===== Information given =====

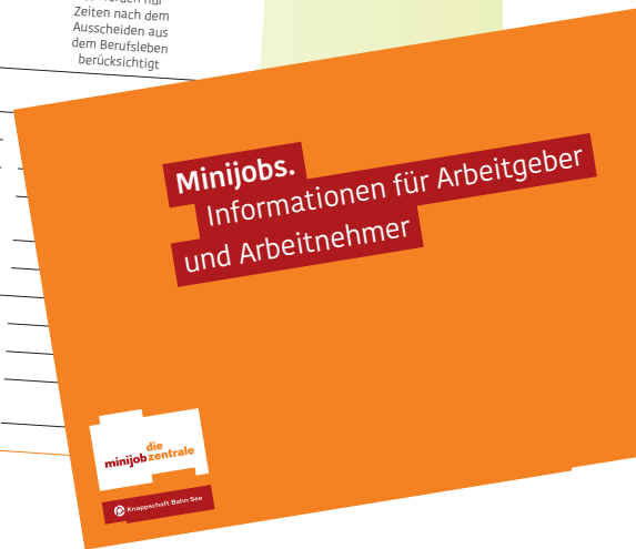
Ausschnitt Broschüre: Minijob – Informationen für Arbeitgeber und Arbeitnehmer

Für bestimmte Personen sollte man weitere Dokumente als Beleg für den Status des Arbeitnehmers einfordern. Diese Dokumente werden insbesondere bei Sozialversicherungsprüfungen relevant.
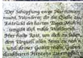
Ummerstädter Quelle am Rappersgraben

Leonhard Döhler verstarb am 22.11.1968 in seinem geliebten Ummerstadt. Sein Grabstein befindet sich heute als Einzeldenkmal auf dem Friedhof.
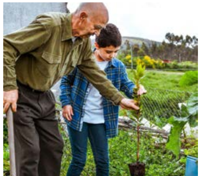
Generationsplantage mellem bedstefar og barnebarn i Lousada, Portugal
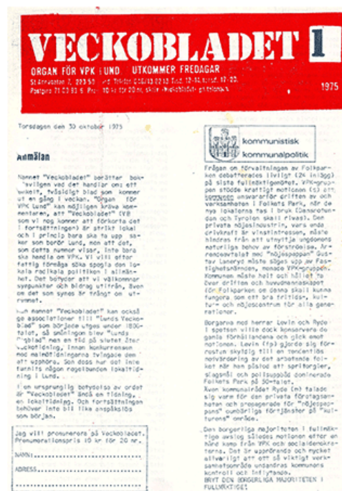
Veckbladets allra första nummer 30 oktober 1975
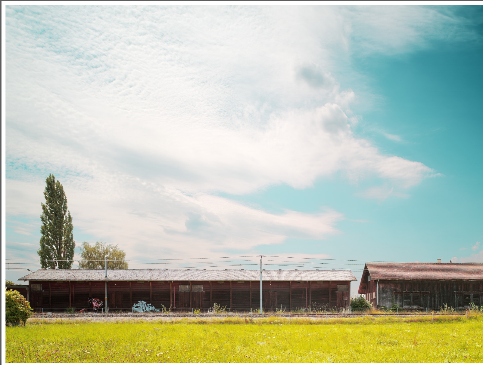
„Der Schrei“ nahe Subingen (SO)
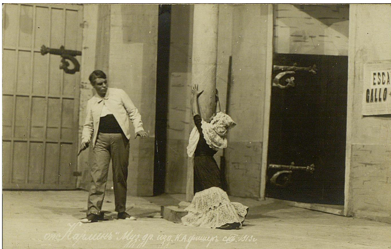
Сцена из постановки «Кармен» Ж. Бизе, Театр музыкальной драмы, 1913, Санкт-Петербург (РГБИ, отдел иконографии, инв. № ф 6124)
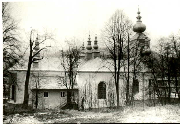
widok od południa

Przy kościele znajduje się dzwonnica wolnostojąca . Dzwonnica z czasu powstania świątyni, o architekturze i opracowaniu elewacji powiązanej z kościołem / cerkwią /. Dzwonnica w formie potrójnej arkady o zróżnicowanych prześwitach, z małą kopułą nad częścią wschodnią. W przyziemiu trzy lokalności. Dzwonnica murowana z cegły i kamienia, częściowo tynkowana. Nakryta daszkiem dwuspadowym, pobitym blachą. Dzwony odlane w latach 1955-65.
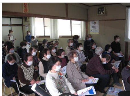
機器測定後にフレイル防止の講話
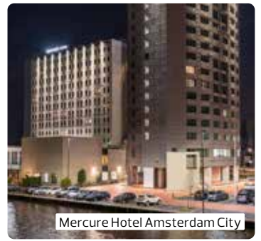
Mercure Hotel Amsterdam City

=====

# Exercise directions:
Return the entries above exactly, skipping any images.

# Task answer:
Ausschnitt Broschüre: Minijob – Informationen für Arbeitgeber und Arbeitnehmer

Für bestimmte Personen sollte man weitere Dokumente als Beleg für den Status des Arbeitnehmers einfordern. Diese Dokumente werden insbesondere bei Sozialversicherungsprüfungen relevant.
Ummerstädter Quelle am Rappersgraben

Leonhard Döhler verstarb am 22.11.1968 in seinem geliebten Ummerstadt. Sein Grabstein befindet sich heute als Einzeldenkmal auf dem Friedhof.
Generationsplantage mellem bedstefar og barnebarn i Lousada, Portugal
Veckbladets allra första nummer 30 oktober 1975
„Der Schrei“ nahe Subingen (SO)
Сцена из постановки «Кармен» Ж. Бизе, Театр музыкальной драмы, 1913, Санкт-Петербург (РГБИ, отдел иконографии, инв. № ф 6124)
widok od południa

Przy kościele znajduje się dzwonnica wolnostojąca . Dzwonnica z czasu powstania świątyni, o architekturze i opracowaniu elewacji powiązanej z kościołem / cerkwią /. Dzwonnica w formie potrójnej arkady o zróżnicowanych prześwitach, z małą kopułą nad częścią wschodnią. W przyziemiu trzy lokalności. Dzwonnica murowana z cegły i kamienia, częściowo tynkowana. Nakryta daszkiem dwuspadowym, pobitym blachą. Dzwony odlane w latach 1955-65.
機器測定後にフレイル防止の講話
Mercure Hotel Amsterdam City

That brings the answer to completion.